Friday, July 11, 2008 at 6:02 PM
multiplying
hallo! somehow my home laptop has not been displaying the word verification thingy that you need to publish yr post in blogger...so i've not been posting of late. but dono why today there's no problem....so here i am!
here's what i've been up to so far....taken from my facebook's mini-feed(i'm lazy lah..hehhe. oh n i've replaced my name wif 'ppg'...short for purperger...kuakua)
Yesterday
ppg is pissed off wif starhub for the breakdown in transmission in the last 30mins...only to have it resumed wif happy german faces AFTER the match. FUG!5:13am
June 25
ppg is furiously uploading her outdated pics in multiply.12:30am
June 24
ppg has a rat problem at home and is feeling all terrified and helpless. Aaaaarrrgh!12:41am
June 22
ppg is bummed. holland is out. predictions all thrown out d window. does that mean italy will win next?5:26am
June 21
ppg couldnt believe what happened during the croatia-turkey match dis morning. lets hope holland will stay true to predictions!9:43am
June 20
ppg just spent her day screaming herself silly...but its ok since she's now $30 richer! muakaka.9:41pm
June 16
ppg is knocking herself silly for missing the phenomenal czech-turkey match...no more missing matches from now on!9:13pm
June 7
ppg has grudgingly parted wif some moolah juz so she can watch euro08 on cable....starhub sucks!2:22pm
As you can see, euro08 has taken up a considerable portion of my time. i live n breathe soccer....and i'm happier for it. hehhe. so it's gonna be a spain-germany final. my fave holland is out...which is really a bummer cos they were so exciting to watch during the group rounds. ah well. i'm not exactly a spain fan...but it'd be nice to see spain winning sthg after years and years of nothing. but i kinda have a soft spot for germany too...having been impressed with their 'not-boring' performance at the last world cup, and their continued 'not-boring' performance this time round. my only peeve is ballack...who i'm not exactly a fan of. so i'll support the team that plays better on the day itself...n hopefully that team wins (cos not every team that plays better wins the match...as we all know)..

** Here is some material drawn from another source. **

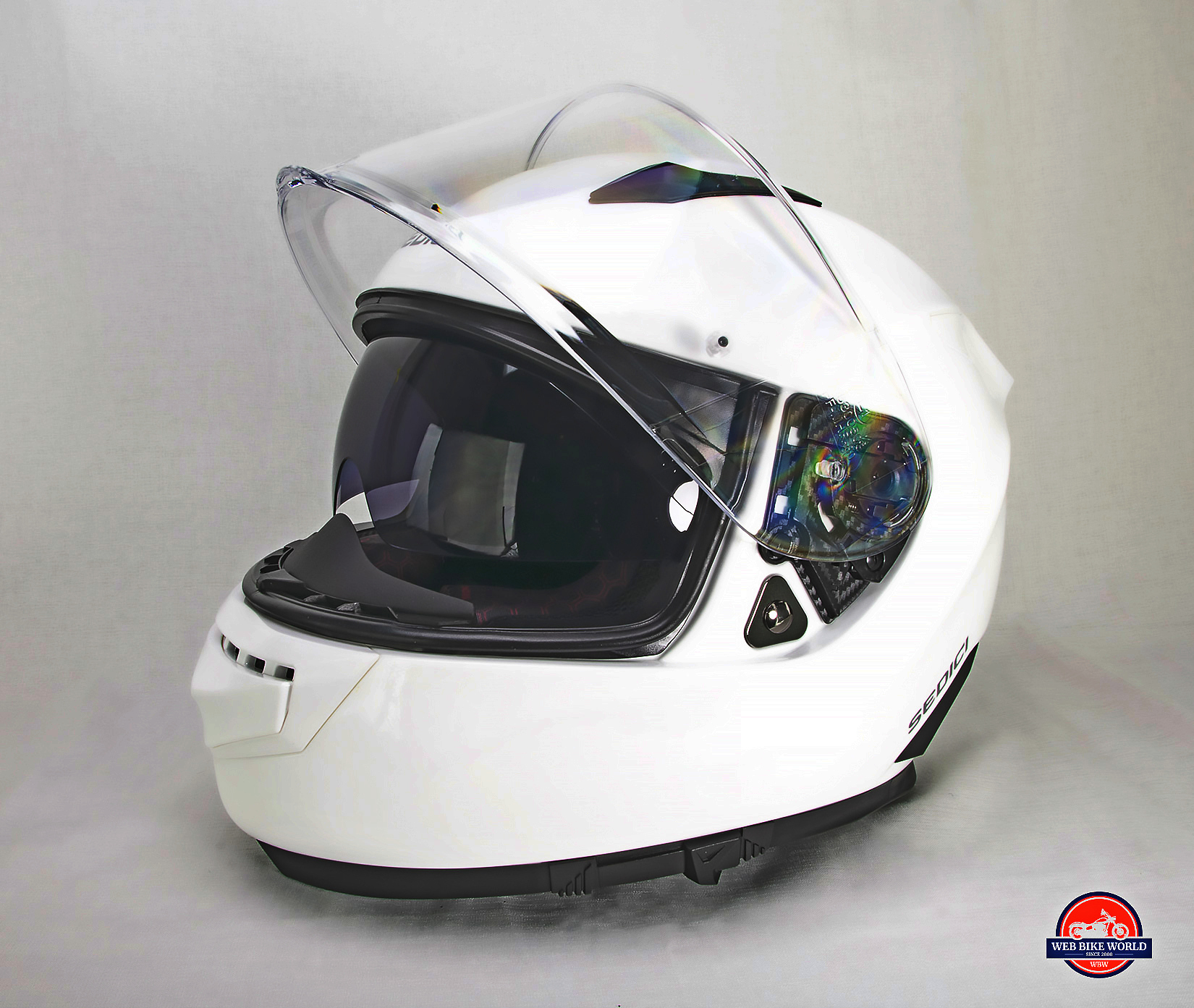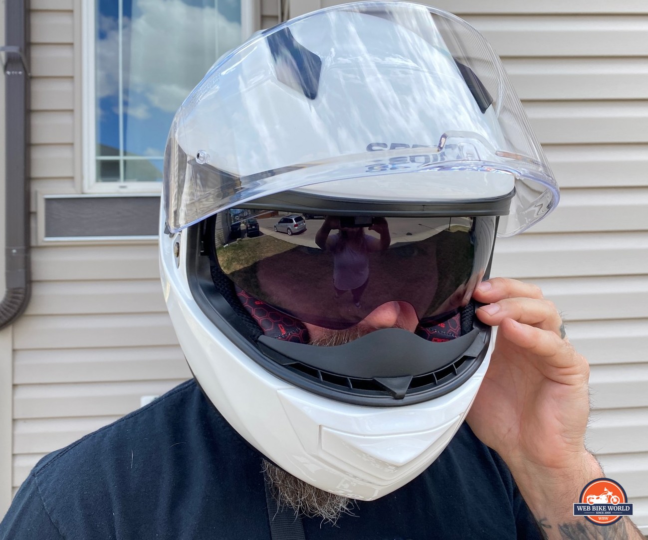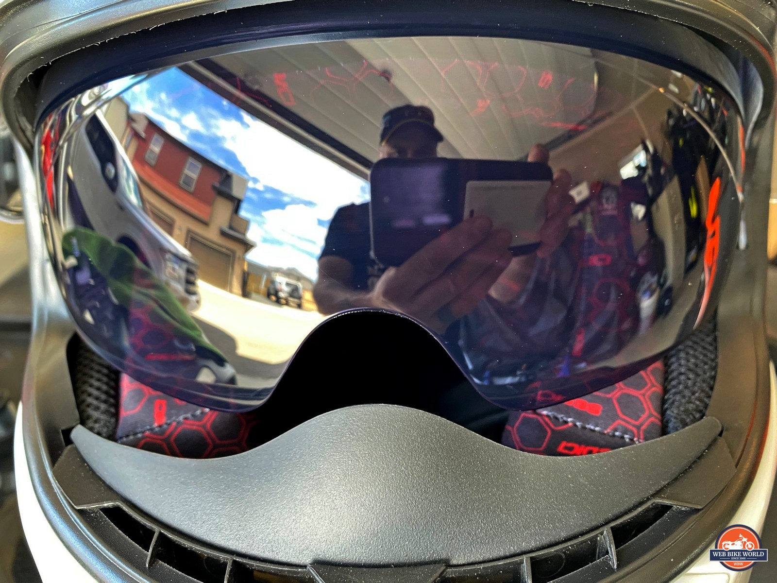 Does it really need it? Surprisingly no. The main visor will fog up briefly if I exhale on the inside of the visor, but the airflow coming in from even just the chin bar vent clears it again in milliseconds. With the visor barely cracked open it won’t fog up at all. They’ve done a good job selecting an anti-fog coating for the main visor.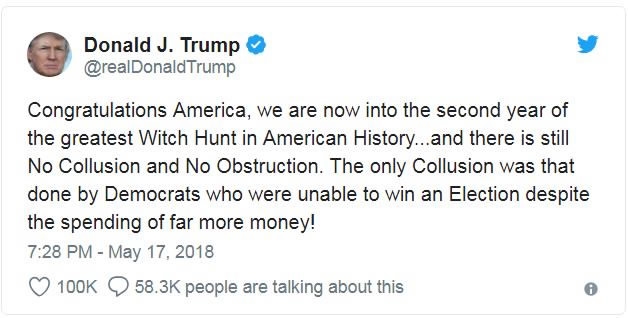 “Congratulations America, we are now into the second year of the greatest Witch Hunt in American History,” US President Trump tweeted.

moving on, have made it a mission of sorts to finish uploading whatever pictures that i have into multiply. i've done some, but many more are not in yet. most notably the road trip to samui. ok ok will do that real soon.
spider is back early today. which makes me happy....heeeee
Friday, June 27, 2008 at 6:57 PM
my 31st befday
on wednesday, for the first time in a long time, i woke up with no chorus of happy birthdays ringing in my ears. granted, i'm living away from my parents and brothers now, but i was already living apart from them last year. what was different this year was that he was also away from me, miles apart.
it was weird.
for the first time in a long time too, i took leave for my birthday (or did i also do that last year? hmmm). what better way to start your very own new year than to sleep in late!
and what better suprise than to have a bouquet of purple delights sent up my doorsteps! granted i DID look extremely 'glamorous' when receiving the bouquet with my right-outta-bed look, but it fitted in nicely with the bawling-my-eyes-out look that followed after i closed the door on the sweet uncle who brought me the purple delights, when it hit me that he'd ACTUALLY taken the trouble to do this. for me. and for that i love him.
see. its not difficult to make a girl happy :)
so that was how the 1st day of my 31st year of existence was for me. oh and i also treated myself to a massage, went on a shopping spree (2 pairs of shoes!), had dinner. i feel great. and more importantly, i feel young!
cant WAIT to show him my 'appreciation' later :P
Friday, June 06, 2008 at 6:24 PM
and we are the CHAMPIONS OF EUROPE
all hail the red devils....double winners & champions of europe...woohoooo!

Thursday, May 22, 2008 at 6:18 AM
bummed | scarily exciting
i'm really bummed cos my fave david cook got horrible reviews from the judges. they're SO into wanting david archie to be the winner...hmmph. granted he has a good voice, but i've always likened him to gary barlow from day one and you just know how gary barlow's like....nice but BORING.
so
i'm hoping for the best...i am. and whatever happens, i'll still be rooting for cook.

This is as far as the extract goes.